Willkommen bei LT4E in Labor für Translationale Technik, ein Ort, an dem Pillen zu Stars werden, die eine Woche lang im Magen bleiben, und an dem Kapseln, die von Tintenfischen inspiriert sind, Medikamente ohne Nadeln injizieren. Habe ich Sie genug verwirrt? Verzeihen Sie mir: Ich werde es klarstellen. Beginnen wir mit Giovanni Traverso, den ich am Anfang erwähnt habe. Wer ist er?

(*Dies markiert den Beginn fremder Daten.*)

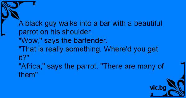 En svart man gick in på en bar med en papegoja på axeln. Han som ägde baren blev mycket imponerad och sa: ”Oj vad snygg, vart har du hittat den.” ”Tack, jag hittade den i Afrika svarade papegojan.”

Der Arzt, der nicht aufhörte zu heilen
Giovanni Traverso ist 49 Jahre alt. Er wurde in Cambridge, England, geboren, wuchs aber in Peru, dann in Kanada und schließlich wieder in England auf. Sein Vater war Peruaner mit italienischen Wurzeln, seine Mutter Nicaraguanerin. Als er 14 war, zog seine Familie nach Toronto, Kanada, um den politischen Unruhen in Peru zu entgehen. Nachdem er in der High School seine Pflichtkurse vorzeitig abgeschlossen hatte, folgte er dem Rat eines Chemielehrers und schrieb sich für ein Programm ein, das ihn an ein Genetiklabor der Universität von Toronto führte. Toronto Krankenhaus für kranke Kinder.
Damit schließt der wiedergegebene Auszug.